1995 Midwestern Collegiate Conference baseball tournament
- Teams: 6
- Format: Double-elimination
- Finals site: Frank Eck Stadium; Notre Dame, Indiana;
- Champions: Wright State (1st title)
- Winning coach: Ron Nischwitz (1st title)
- MVP: Kris Jarosz (Wright State)

= 1995 Midwestern Collegiate Conference baseball tournament =

The 1995 Midwestern Collegiate Conference baseball tournament took place in May 1995, near the close of the 1995 NCAA Division I baseball season. The top six finishers of the league's ten teams met in the double-elimination tournament held at Frank Eck Stadium on the campus of Notre Dame in Notre Dame, Indiana. Third seeded won their first Horizon League Championship. They fell in the play-in game and did not qualify for the 1995 NCAA Division I baseball tournament.

==Seeding and format==
The league's teams are seeded one through six based on winning percentage, using conference games only. The top seed plays the sixth seed while the second seed plays the fifth seed and the third seed plays the fourth in the opening round.

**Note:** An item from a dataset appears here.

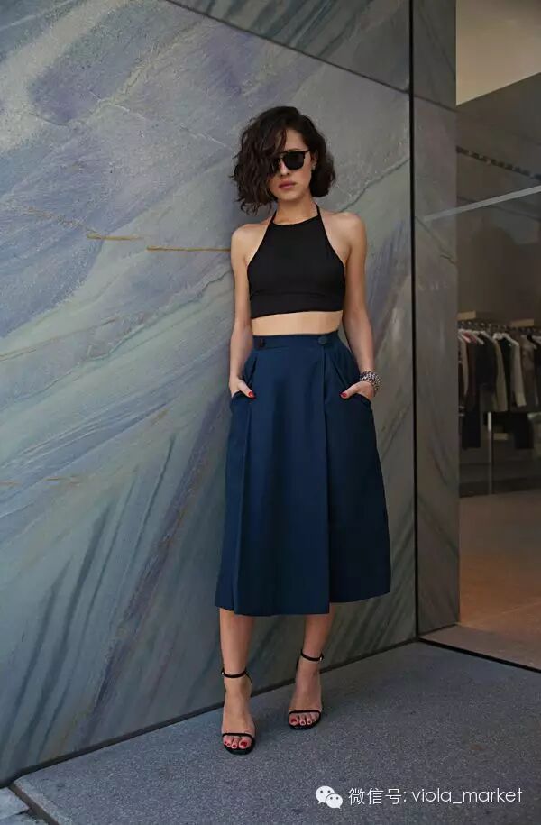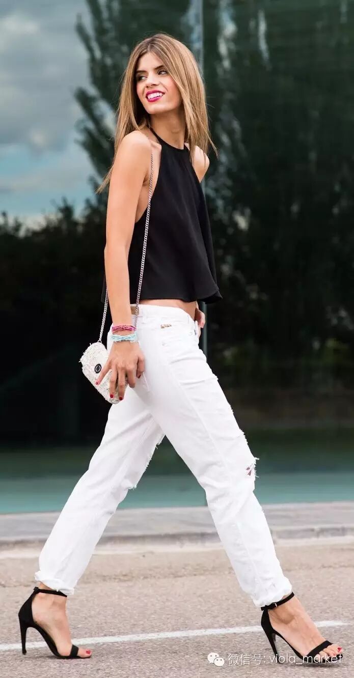 如果不想露太多腰部,可以选择下摆打开削肩小衫。少一些紧身款的强势和成熟,多一些女性的玲珑和浪漫。同样也是适合搭配各类高腰下身,例如复古的mother牛仔裤,短裙、短裤,还有今夏最流行的阔脚裤。

| Team | W | L | PCT | GB | Seed |
East Division
| Detroit | 12 | 2 | .857 | — | 1 |
| Wright State | 10 | 6 | .625 | 3 | 3 |
| Xavier | 7 | 9 | .438 | 6 | 5 |
| La Salle | 5 | 9 | .357 | 7 | — |
| Cleveland State | 4 | 12 | .250 | 8 | — |
West Division
| Notre Dame | 11 | 4 | .733 | — | 2 |
| Northern Illinois | 9 | 7 | .563 | 2.5 | 4 |
| UIC | 7 | 9 | .438 | 4.5 | 6 |
| Milwaukee | 6 | 9 | .400 | 5 | — |
| Butler | 6 | 10 | .375 | 5.5 | — |

==All-Tournament Team==
The following players were named to the All-Tournament Team.

| Pos | Name | School |
| P | Doug Lowe | Wright State |
| Sean Sullins | Wright State |
| C | George Restovich | Notre Dame |
| 1B | Kris Jarosz | Wright State |
| 2B | Phil Long | Wright State |
| 3B | Mike Amrhein | Notre Dame |
| SS | J.J. Brock | Notre Dame |
| OF | Brock Morrison | Northern Illinois |
| Rowan Richards | Notre Dame |
| Scott Sollmann | Notre Dame |
| DH | Matt Piskor | Wright State |

===Most Valuable Player===
Kris Jarosz of Wright State was named Most Valuable Player of the Tournament.